• EXERCISE: Copy the records below exactly, omitting any pictures they contain.

[DATA EXTRACT]

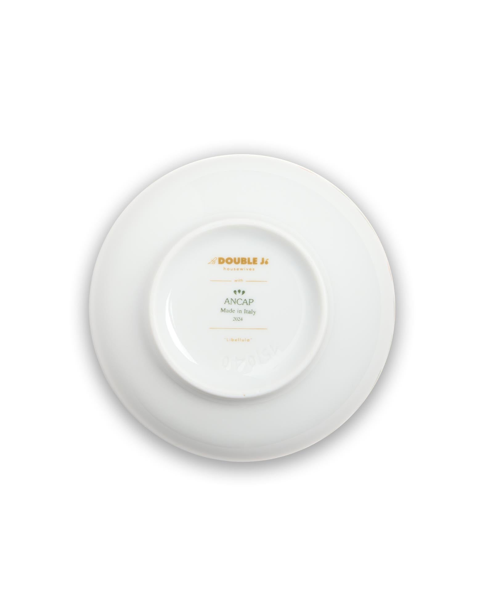 Elevate your snacking ritual with the La DOUBLE J Libellula Green Snack Bowl, crafted from premium Italian porcelain for exceptional quality and durability. Its elegant design features a delicate gold trim that adds a touch of sophistication to any table setting.
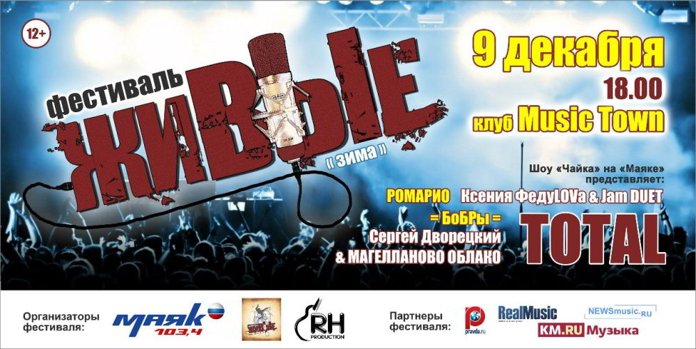 Теперь у жителей столицы есть возможность не только услышать, но и увидеть сразу 5 талантливых музыкальных команд на одной сцене. Фестиваль "Живые" - это исключительно хорошая, искренняя музыка, не имеющая форматов и рамок. В теплой дружеской атмосфере во главе с ведущим вечера - Семеном Чайкой, зрителей ждет качественный живой звук и хорошее настроение. Отдых на выходные обеспечен.
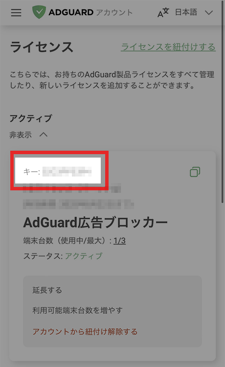 こちらの画面赤枠内に表示されているものが「ライセンスキー」となります。
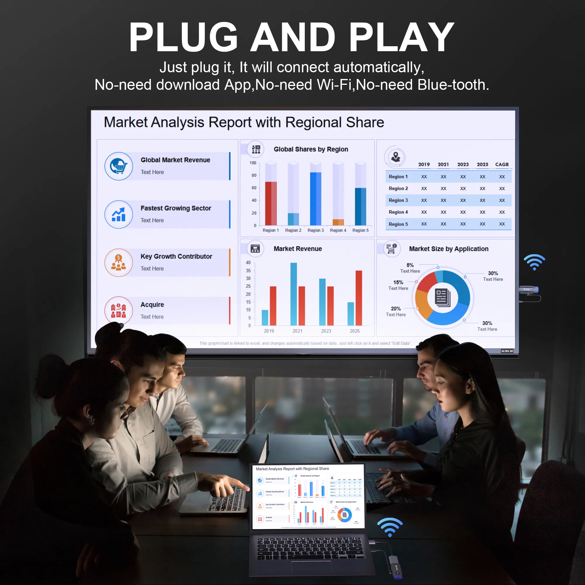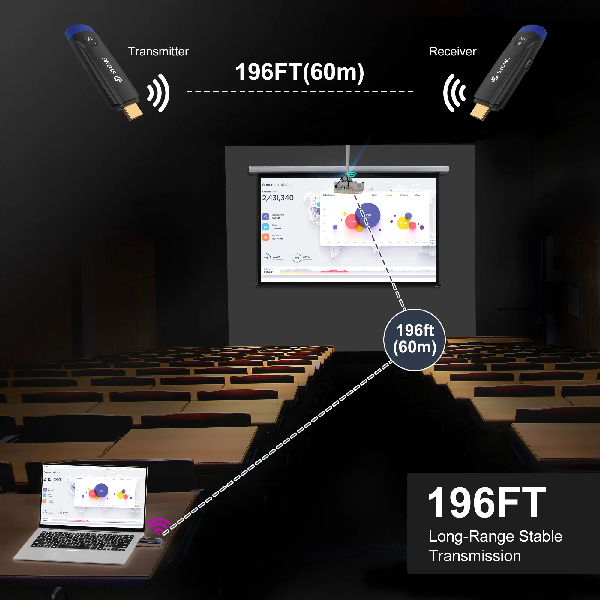 The SYONG Wireless HDMI Transmitter and Receiver 4K brings effortless screen sharing to any space. With true 1080P@60Hz quality, 0.05s low latency, and dual-band 2.4G/5G transmission up to 60 m (196 ft), it delivers stable, high-definition audio and video without Wi-Fi, apps, or drivers. One receiver can pair with up to four transmitters, allowing smooth one-click switching between laptops during meetings—perfect for collaborative presentations, classrooms, and home theaters.
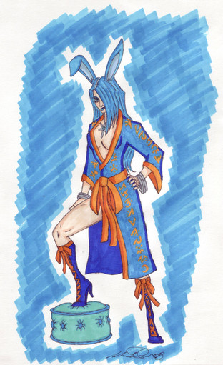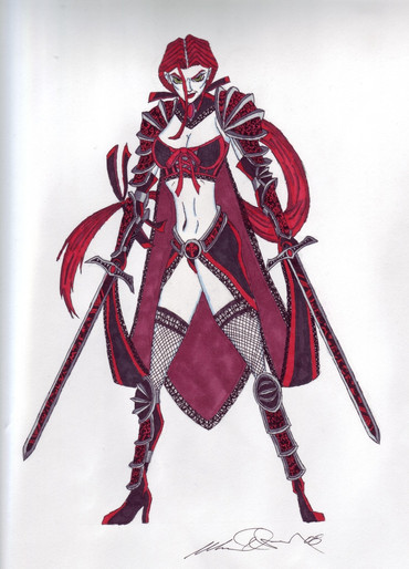 Still, this is one awesome drawing. I love how you captured the folds of her clothes and the wrinkles and muscles. The way you colored it adds to the smoothness of her hair and clothes. She looks very elegant, even more thanks to your coloration.
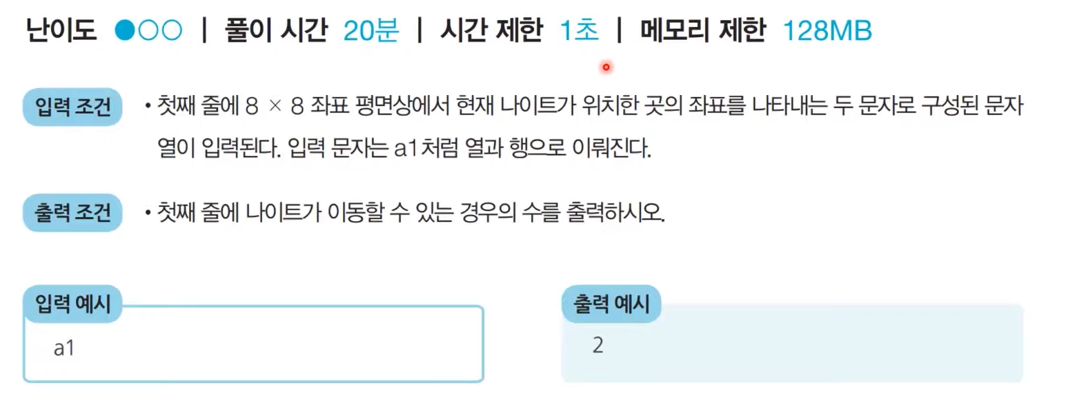 <문제> 왕실의 나이트: 답안 예시 (Python)
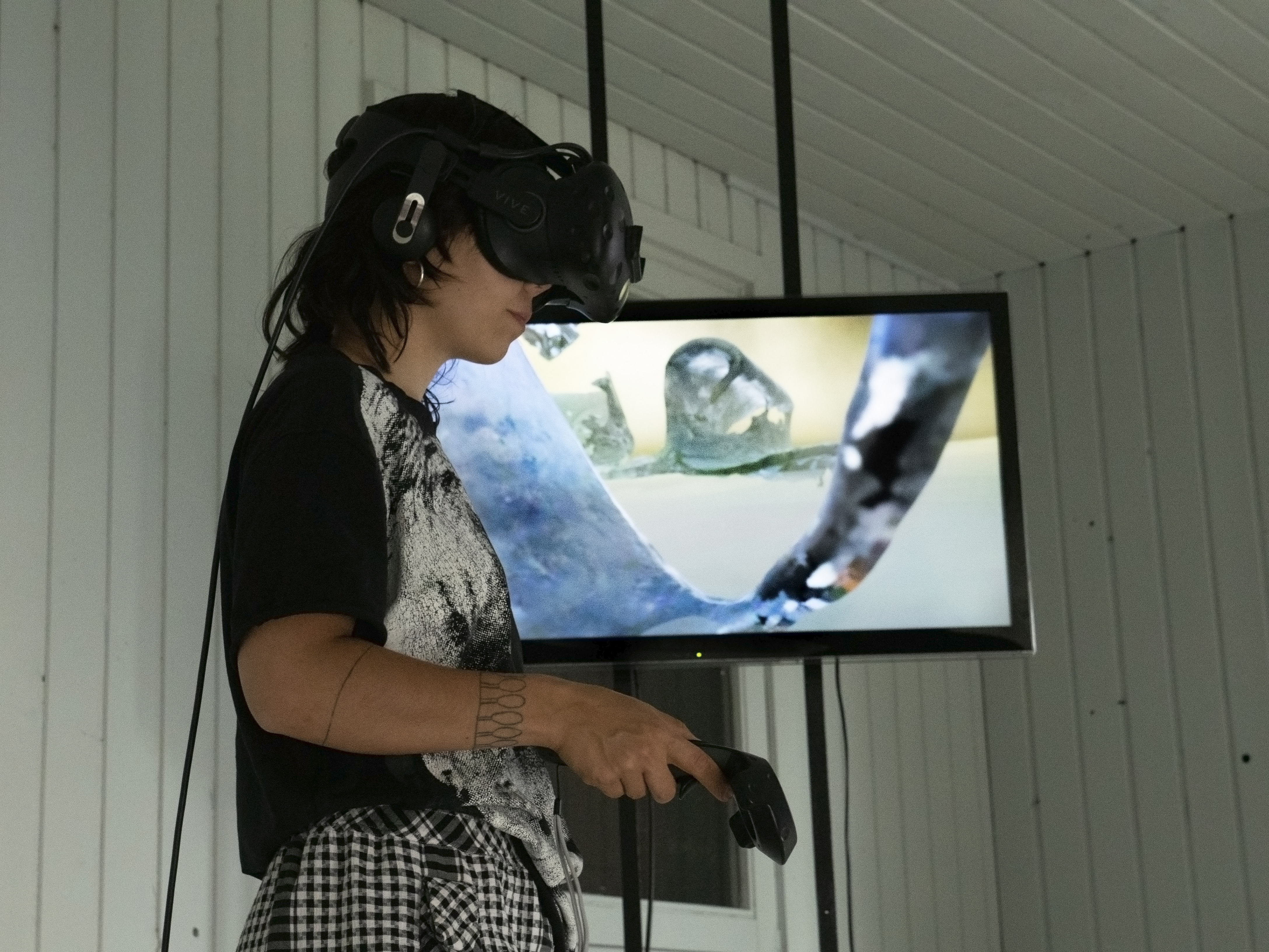 The virtual installation undressing giants [ skin I ] is a conglomerate of a shedding cycle’s remains. An abandoned shell of a past consciousness – an abstract organism of creation that is already left behind by its host. Visitors are the protagonists of the installation’s eerie space. They become players as they take a first-person point of view while cruising around the floating parts of this entropic, fragile yet solid, ultimately unknown body. They become players, who – called by the sirens of this virtual landscape – are unable to resist the urge to seek action and look for treasures in the seductive, actually bottomless void of the installation’s reality.

[/DATA EXTRACT]

• WRITTEN RESPONSE:
 Elevate your snacking ritual with the La DOUBLE J Libellula Green Snack Bowl, crafted from premium Italian porcelain for exceptional quality and durability. Its elegant design features a delicate gold trim that adds a touch of sophistication to any table setting.
 Теперь у жителей столицы есть возможность не только услышать, но и увидеть сразу 5 талантливых музыкальных команд на одной сцене. Фестиваль "Живые" - это исключительно хорошая, искренняя музыка, не имеющая форматов и рамок. В теплой дружеской атмосфере во главе с ведущим вечера - Семеном Чайкой, зрителей ждет качественный живой звук и хорошее настроение. Отдых на выходные обеспечен.
 こちらの画面赤枠内に表示されているものが「ライセンスキー」となります。
 The SYONG Wireless HDMI Transmitter and Receiver 4K brings effortless screen sharing to any space. With true 1080P@60Hz quality, 0.05s low latency, and dual-band 2.4G/5G transmission up to 60 m (196 ft), it delivers stable, high-definition audio and video without Wi-Fi, apps, or drivers. One receiver can pair with up to four transmitters, allowing smooth one-click switching between laptops during meetings—perfect for collaborative presentations, classrooms, and home theaters.
 Still, this is one awesome drawing. I love how you captured the folds of her clothes and the wrinkles and muscles. The way you colored it adds to the smoothness of her hair and clothes. She looks very elegant, even more thanks to your coloration.
 <문제> 왕실의 나이트: 답안 예시 (Python)
 The virtual installation undressing giants [ skin I ] is a conglomerate of a shedding cycle’s remains. An abandoned shell of a past consciousness – an abstract organism of creation that is already left behind by its host. Visitors are the protagonists of the installation’s eerie space. They become players as they take a first-person point of view while cruising around the floating parts of this entropic, fragile yet solid, ultimately unknown body. They become players, who – called by the sirens of this virtual landscape – are unable to resist the urge to seek action and look for treasures in the seductive, actually bottomless void of the installation’s reality.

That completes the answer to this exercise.